**WHAT IS BEING ASKED:** The line with "Formation of nematic" marks the first line to copy, and the line with "10 największych inwestorów" marks the last. Transcribe that stretch of the data below exactly, without pictures.

**DATA LISTING:**
· · · ·

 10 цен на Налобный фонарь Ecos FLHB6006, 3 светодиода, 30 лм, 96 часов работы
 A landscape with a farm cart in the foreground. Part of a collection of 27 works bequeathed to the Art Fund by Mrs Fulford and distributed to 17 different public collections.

· · · ·

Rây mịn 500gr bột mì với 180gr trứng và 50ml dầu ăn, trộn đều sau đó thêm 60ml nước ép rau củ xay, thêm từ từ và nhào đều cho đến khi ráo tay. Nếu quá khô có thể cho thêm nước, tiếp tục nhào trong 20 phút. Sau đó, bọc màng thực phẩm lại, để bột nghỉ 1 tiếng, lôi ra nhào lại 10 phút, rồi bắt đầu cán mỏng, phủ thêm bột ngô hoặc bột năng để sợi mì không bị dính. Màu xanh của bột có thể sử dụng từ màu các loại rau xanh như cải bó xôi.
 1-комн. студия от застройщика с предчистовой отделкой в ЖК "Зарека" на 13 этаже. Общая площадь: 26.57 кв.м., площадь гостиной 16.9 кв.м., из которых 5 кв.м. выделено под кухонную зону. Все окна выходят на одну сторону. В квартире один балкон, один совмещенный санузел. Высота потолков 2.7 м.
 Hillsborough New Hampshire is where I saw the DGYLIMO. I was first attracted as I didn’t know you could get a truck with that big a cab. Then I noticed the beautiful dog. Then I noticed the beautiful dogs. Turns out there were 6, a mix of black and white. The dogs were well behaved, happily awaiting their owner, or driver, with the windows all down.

· · · ·

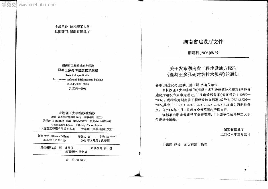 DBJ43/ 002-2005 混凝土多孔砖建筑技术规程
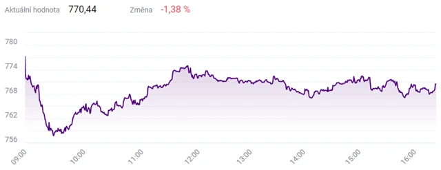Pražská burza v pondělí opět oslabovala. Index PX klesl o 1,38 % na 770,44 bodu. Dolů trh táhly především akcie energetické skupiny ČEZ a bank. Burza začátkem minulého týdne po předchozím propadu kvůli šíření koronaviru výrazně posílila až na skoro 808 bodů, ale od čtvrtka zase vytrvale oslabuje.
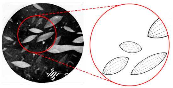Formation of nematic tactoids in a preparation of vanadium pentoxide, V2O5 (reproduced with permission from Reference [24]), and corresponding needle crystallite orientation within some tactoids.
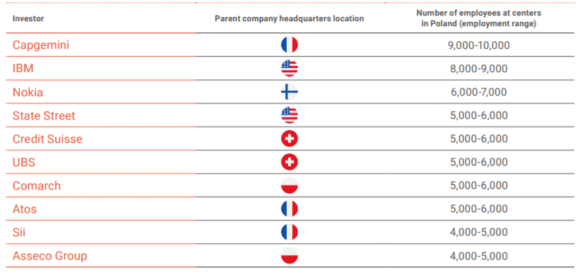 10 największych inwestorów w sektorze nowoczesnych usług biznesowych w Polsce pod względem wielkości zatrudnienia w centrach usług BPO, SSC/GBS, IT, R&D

· · · ·

**PROBLEM SOLUTION:**
Formation of nematic tactoids in a preparation of vanadium pentoxide, V2O5 (reproduced with permission from Reference [24]), and corresponding needle crystallite orientation within some tactoids.
 10 największych inwestorów w sektorze nowoczesnych usług biznesowych w Polsce pod względem wielkości zatrudnienia w centrach usług BPO, SSC/GBS, IT, R&D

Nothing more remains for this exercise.